There are some telltale signs that the latest rise in gold could turn into a whopping surge.
Gold’s rise since the summer is now matching the similar time period in prior bulls when the surging rises really began. Therefore, use weakness to buy new positions, and keep the positions you have.
Gold rises strongly when real interest rates are negative—that is, when rates are lower than the rate of inflation. With a couple of exceptions, real interest rates have been negative since the early 2000s. And this has helped fuel a strong rise in gold since then.
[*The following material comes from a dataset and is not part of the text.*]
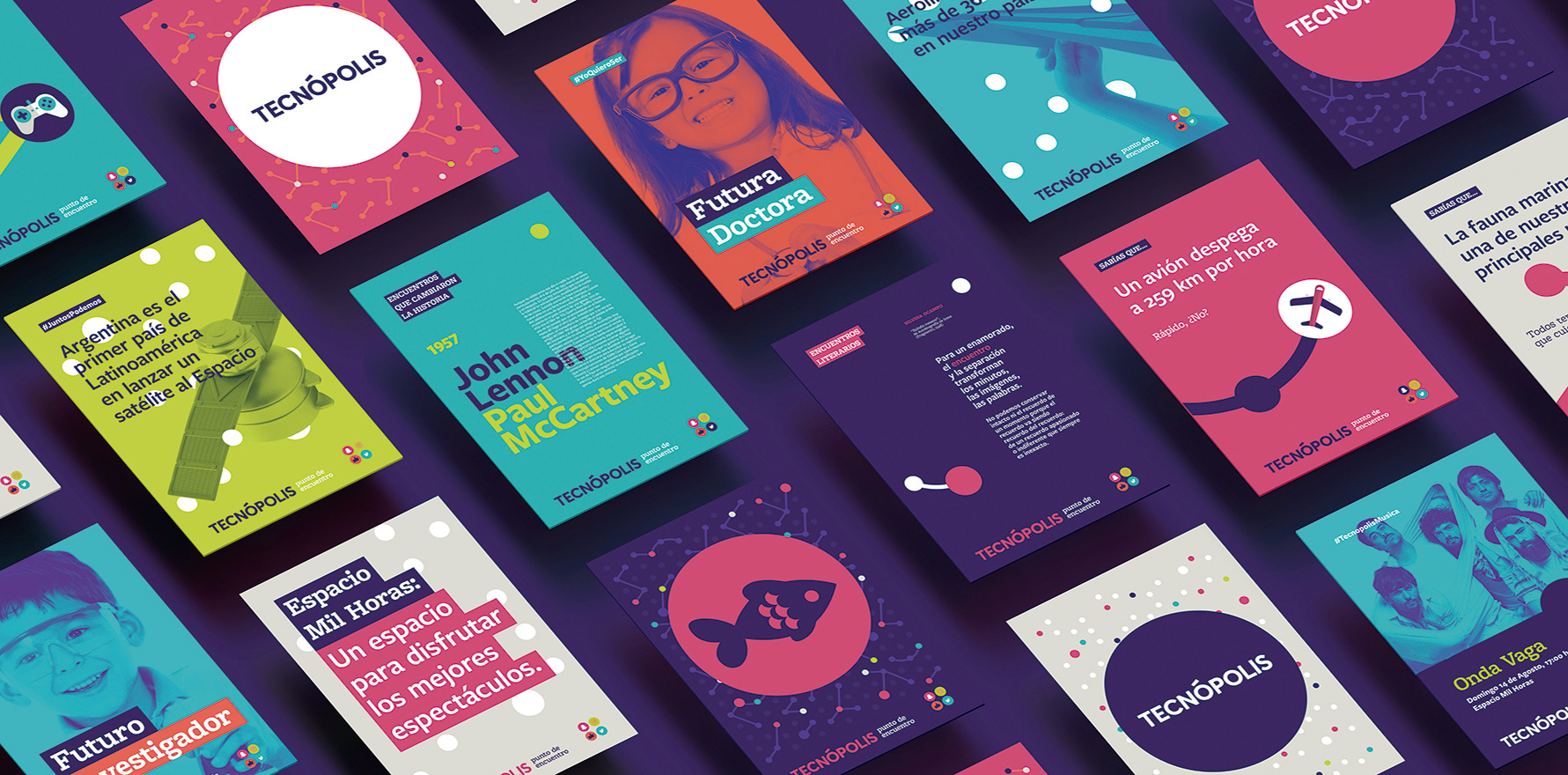 Tecnópolis es una enorme feria de ciencia y tecnología, visitada cada año por millones de personas. Concebida originalmente como una exhibición temporaria, se convirtió en una marca de alcance internacional reconocida y requerida. Se nos solicitó un refreshing de su identidad visual atendiendo a un perfil más blando y flexible, capaz de incorporar el arte y las nuevas expresiones culturales junto a la ciencia, tecnología e industria que ya albergaba. Asimismo se nos encomendó desarrollar la extensión de la marca para su versión itinerante, concebida como un contenido antes que un lugar.

The Fed’s latest actions guarantee the conditions for gold will stay bullish in the years ahead. The Fed’s going to keep interest rates super low, and inflation will pick up. It’s already happening. And this alone will keep real interest rates negative, making gold more attractive than anything we’ve seen so far.
For now, our strategy is essentially the same. Keep the positions you have...and continue buying gold.
Gold and silver are up nicely since the summer lows. Silver and gold shares are up well over 30%. Gold is up about 16%, nearing the $1,800 level, while hitting another record high in euro terms in recent weeks.
When you consider that the current bull market has risen 660% compared to the 1970s bull of 2,300%, you could see what we mean.